During the Q&A, Clark said the company remained “pretty steady throughout the quarter” despite monitoring macro headlines, adding that management did not see meaningful trade down and that “both the guest traffic and the mix were both steady throughout.” He also noted that pricing at The Cheesecake Factory was 3.3% in the quarter and is expected to be 3% in subsequent quarters, while mix was negative 0.3 and traffic was negative 1.4, which he described as a material improvement from the fourth quarter.

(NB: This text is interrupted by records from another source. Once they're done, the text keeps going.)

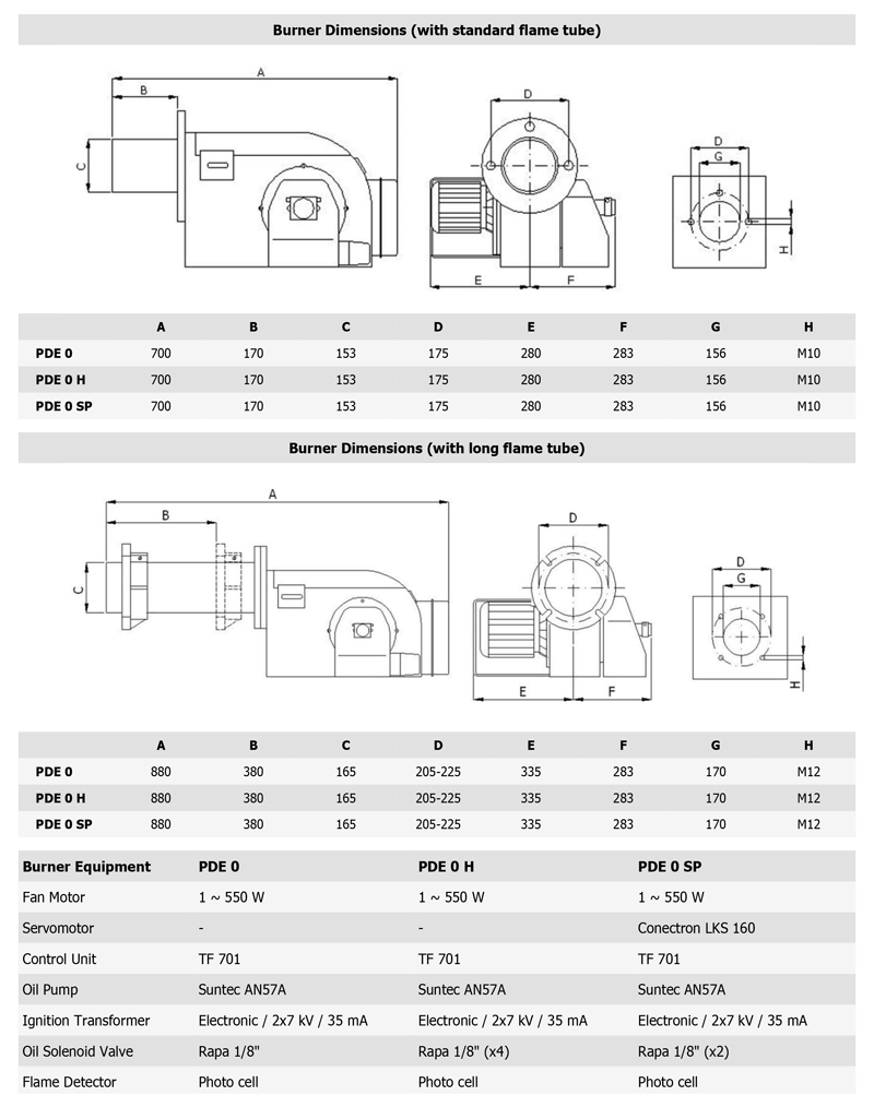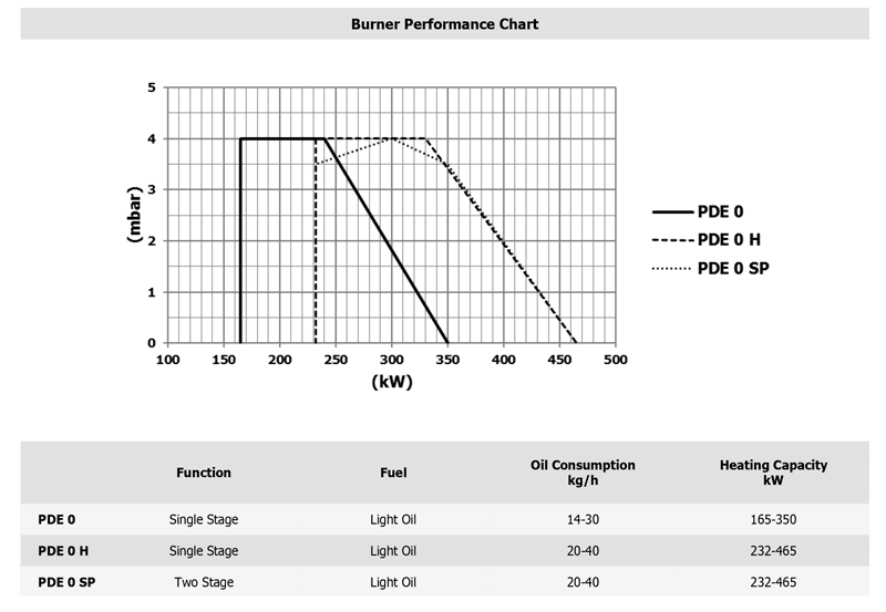 Fuel: Light oil. Oil consumption 14-40 kg/h. Heating capacity from 165-465 kW.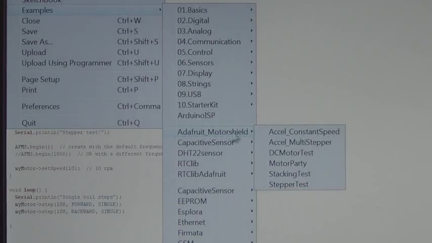 I assembled an Adafruit Motor Shield and tested it's Stepper motor capabilities with a 12V Stepper Motor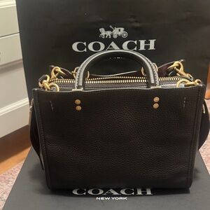 Elegant black leather bag. Features gold hardware. Includes shoulder strap and top handles. Iconic Coach tag attached.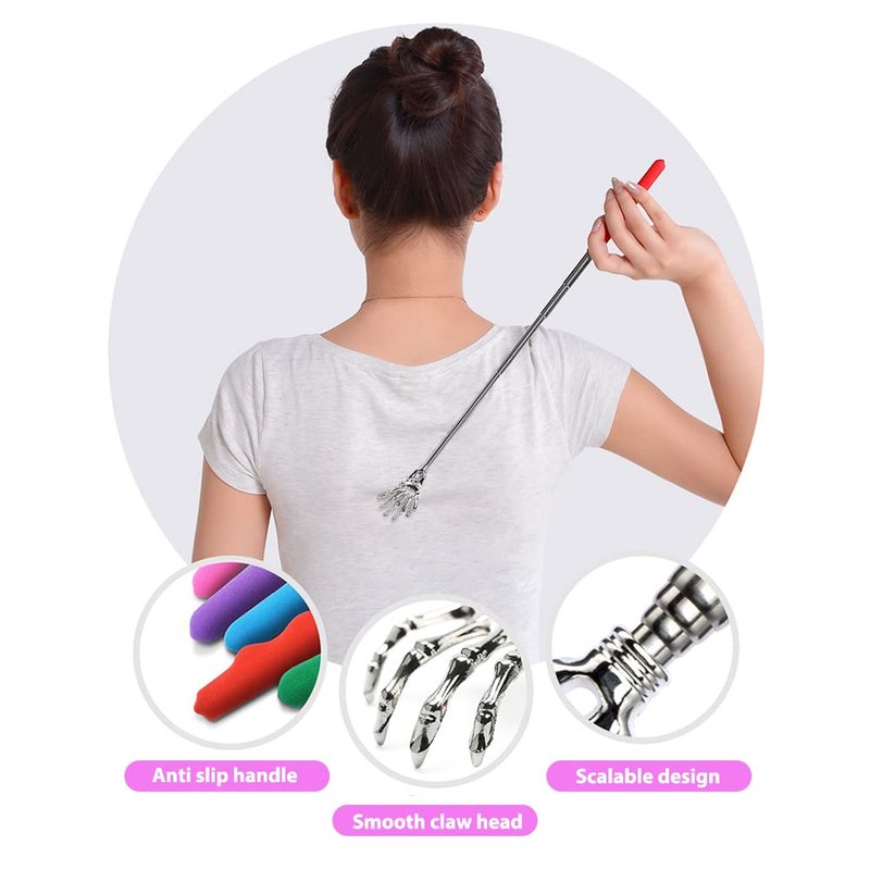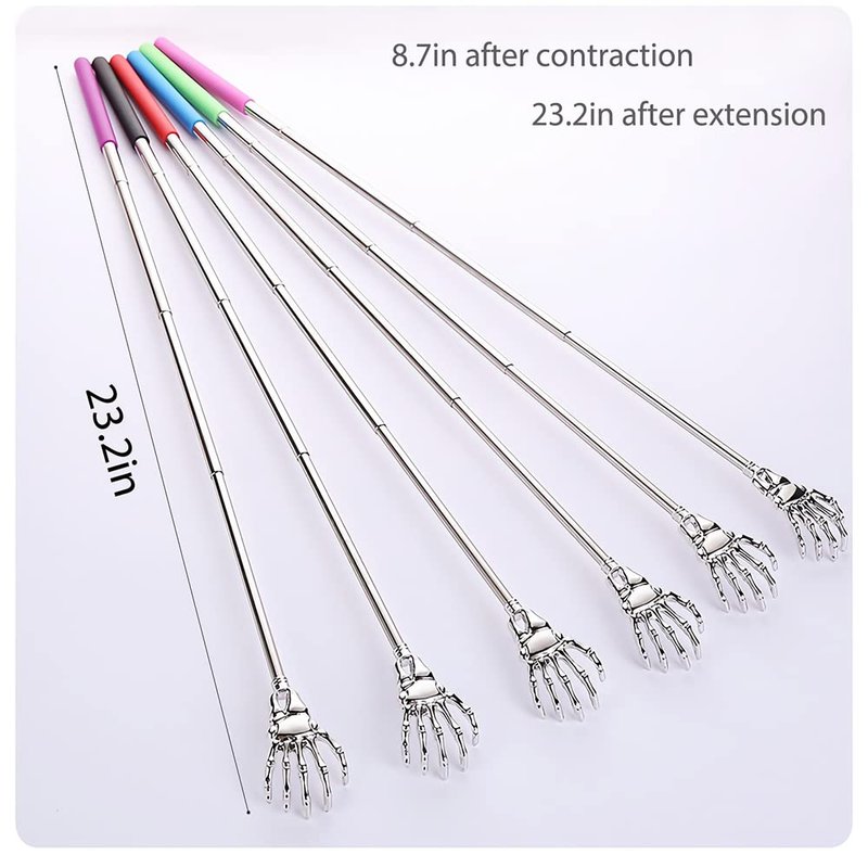 This is a retractable metal back scratching device with smooth hand bone shaped claw head, stainless steel telescopic rod and rubber handle, which can solve your itching problem. It can avoid scratching the skin with nails and scratch the itching parts that are difficult for you to touch. It is only 8.7in after contraction, which is very convenient to carry. It is 23.2in after elongation, which can scratch all the itching parts of the body. And durable, suitable for family or gift to your friends.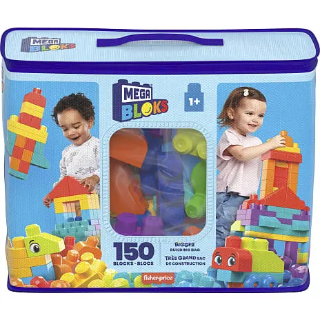 Sæt din lille bygger’s fantasi i gang med Bigger Building Bag, fyldt med 150 store og farverige byggeklodser og specielle stykker inklusive blokke dekoreret med øjne, bladklodser, tagklodser og 1 akselafstand. Disse klodser, der passer perfekt til små hænder og store fantasier, er nemme at gribe om og lette at stable, og hjælper med at udvikle finmotorik, kreativitet og fantasi. Når spillet er slut, skal du opbevare blokkene i den genanvendelige taske for nem rengøring.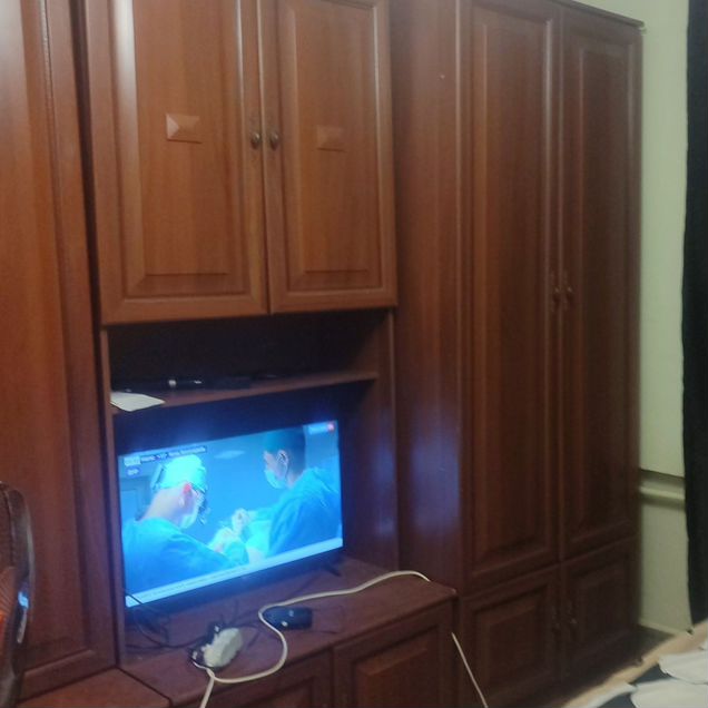 Комната изолирована, все необходимое для проживания: шкаф, тумбы, кровать, телевизор.

Overton also noted the company was named to Fortune’s “100 Best Companies to Work For” list for the 13th consecutive year, a recognition he said reflects direct staff feedback and supports recruiting and retention in a competitive labor environment.

About Cheesecake Factory NASDAQ: CAKE

The Cheesecake Factory Incorporated NASDAQ: CAKE is an American restaurant company and distributor renowned for its full-service casual-dining concept and specialty cheesecakes. Headquartered in Calabasas Hills, California, the company operates more than 200 restaurants under The Cheesecake Factory® brand across the United States, Puerto Rico and select international markets. In addition to sit-down dining, Cheesecake Factory franchised locations offer catering and take-out services, while a separate manufacturing arm supplies branded cheesecakes and desserts to supermarkets, hotels and other foodservice operators.

The origins of the brand trace back to a small cheesecake bakery founded in Detroit in the 1940s.